After comparing the usual extremist right criticisms stating that the news is too negative/ left-leaning and liberals love terrorists with our criticism that reports are too kind to a murderous lawless administration, Mr. Klein should be able to see that the former critique is vapid and unsupported while the latter is rife with examples and would be duly noted and incorporated into in a plan to improve coverage.

[« Reply to this comment] [Post a new comment »] [Rate this comment: 1 - 2 - 3 - 4 - 5]

Ugh... same delusional thinking by corporatists
Posted by: SufiLizard on Mar 27, 2006 9:15 AM   
Current rating: Not yet rated    [1 = poor; 5 = excellent]
I have a couple of major problems with this whole thing.

Of course my first criticism of modern journalism (especially on television) is the delusion that providing balance somehow is the same or better than reporting truth.

Just because you have one guy on who says the sky is blue, you don't have to provide equal time to a nutjob who claims it's plaid.

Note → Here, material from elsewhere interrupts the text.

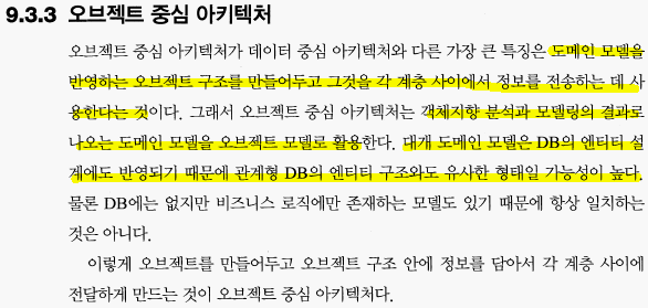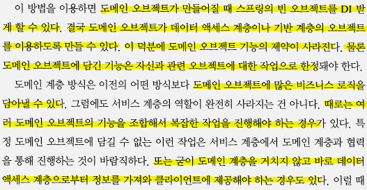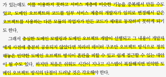 > 대개 도메인 모델은 DB의 엔티티 구조와 유사한 형태일 가능성이 높다. 비즈니스 로직에만 존재하는 모델도 있기 때문에 항상 일치하는 것은 아니다.

If you have to report on the nutjob, at least comment that you are looking at the sky right now and it is, indeed, blue. That's not a bias, or if it is, it is a bias toward facts.

But what really burned me up about these comments from the suit at CNN was how he kept referring to us as "fringe."

a) If the TRUTH is only recognized by a small "fringe" then that in itself is an indictment of the job they are doing as a news media.

b) Why is it that the media regularly features the lunatic fringe of the far right and tend to "balance" that with only the most conservative, moderate Democrats they can find? Bill O'Reilly has his own freakin' show, but when was the last time you saw Noam Chomsky as even a guest on a so-called debate show?

If you insist on adhering to the irrational cult-like devotion to "balance" at least make it actually balance. When you parade out the right-wing extremists at least counter them with people from the left who are equally extreme.

On television they barely disguise the fact they'll resort to anything for ratings anyway. They might as well just embrace the fact that they're appealing to the same impulses that made the circus side show so profitable in a different era.

If you're going to have Tucker Carlson and his ridiculous bow tie, why not "balance" the broadcast with a well-spoken anarchist in a mask and his black spot sneakers? Instead we get folks like Lieberman...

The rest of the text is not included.